It maintains a global \f2page descriptor\fP table
that includes information about each page:
.BL
.LI
which scheme is using it (PA, HPA, POM)
.LI
which pool it is assigned to
.LI
size information for HPA pages
.LI
free list linkages for POM pages
.LI
number of contiguous pages for huge PA blocks.
.LE
.H 2 "Homogeneous Page Allocation"
.P
Handles objects of the same size coming from a
pool devoted to that size.
Information about the size of the objects is kept
in the pool descriptor.
New pages to expand a filled pool and empty pages
that can be removed from the pool are handled by PA.
.H 2 "Page-Oriented Malloc"
.P
Handles objects of variable size coming from a
pool devoted to a set of objects by the server.
Information about the complex free lists is kept
in the page descriptor table maintained by PA.

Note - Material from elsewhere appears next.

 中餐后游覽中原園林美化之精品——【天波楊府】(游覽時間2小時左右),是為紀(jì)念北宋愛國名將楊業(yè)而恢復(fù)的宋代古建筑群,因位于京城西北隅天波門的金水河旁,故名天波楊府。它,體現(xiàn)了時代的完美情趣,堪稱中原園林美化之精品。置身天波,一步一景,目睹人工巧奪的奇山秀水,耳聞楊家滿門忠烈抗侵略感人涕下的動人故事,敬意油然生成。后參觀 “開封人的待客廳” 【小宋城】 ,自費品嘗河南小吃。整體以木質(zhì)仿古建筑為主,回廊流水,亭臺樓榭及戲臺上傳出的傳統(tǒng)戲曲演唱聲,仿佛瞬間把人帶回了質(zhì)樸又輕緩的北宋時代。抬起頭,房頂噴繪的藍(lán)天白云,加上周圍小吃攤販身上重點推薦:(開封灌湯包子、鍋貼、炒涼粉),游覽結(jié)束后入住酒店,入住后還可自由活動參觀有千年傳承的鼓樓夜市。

New pages to expand a filled pool and empty pages
that can be removed from the pool are handled by PA.
.P
The base memory-allocation function takes a pool
descriptor and a size as arguments.
For HPA, the size is ignored
(or possibly checked against the recorded size
for that pool),
and a block is allocated from the free list
for that pool.
For POM, a block of the requested size is found
from the free lists of the pages assigned to the
passed pool.
For a generic request,
the pool descriptor is NULL,
and a block of the requested size is obtained
from a single global POM list
(for relatively large objects)
or from one of several tuned HPA lists
(for small objects).
If the size is above the HPA/POM threshold of one page,
the pool descriptor is ignored and the block
is allocated from the PA.
The page descriptors for the returned pages
(must be contiguous)
are marked as being part of one large set of
contiguous pages.
.P
The base memory-freeing function takes an address only.

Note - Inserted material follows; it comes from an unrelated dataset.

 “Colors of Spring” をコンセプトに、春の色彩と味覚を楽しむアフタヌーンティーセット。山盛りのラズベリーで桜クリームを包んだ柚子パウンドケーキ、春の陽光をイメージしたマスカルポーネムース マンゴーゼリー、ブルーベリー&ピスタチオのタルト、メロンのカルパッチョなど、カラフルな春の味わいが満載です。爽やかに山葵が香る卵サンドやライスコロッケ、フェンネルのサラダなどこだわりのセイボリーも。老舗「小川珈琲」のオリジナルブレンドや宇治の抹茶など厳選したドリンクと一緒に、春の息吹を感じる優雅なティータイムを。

The corresponding page descriptor is looked up in
the global descriptor list.
If the page is an HPA page,
the block is placed on the free list for that page.
If the page is a POM page,
the block is merged into the free list for that page
(coalescing with adjacent free blocks).
If the page is a PA page,
all of the corresponding pages are freed to the
free page pool.
If a POM or HPA page is completely free
(as determined by a count of free space in the
page descriptor),
the page is released to the free page pool.
.P
A new HPA page is requested from the PA when the
current allocating page becomes full and there is
no page on the pool descriptor's partially-free
page list.
The new page is immediately broken up into a free
list of fixed-size objects.
.P
A new POM page is requested from the PA when the
current allocating page cannot support a given request,
and a search through the page descriptors
of the pages assigned to that pool shows no pages
able to support the request.
The new page is broken up into one block of a
size of the whole page,
which becomes that page's free list.
.H 2 "Use of the Proposed Scheme"
.BL
.LI
One PA pool maintains the list of all free pages
in the system.
.LI
A few (initially none until data is obtained)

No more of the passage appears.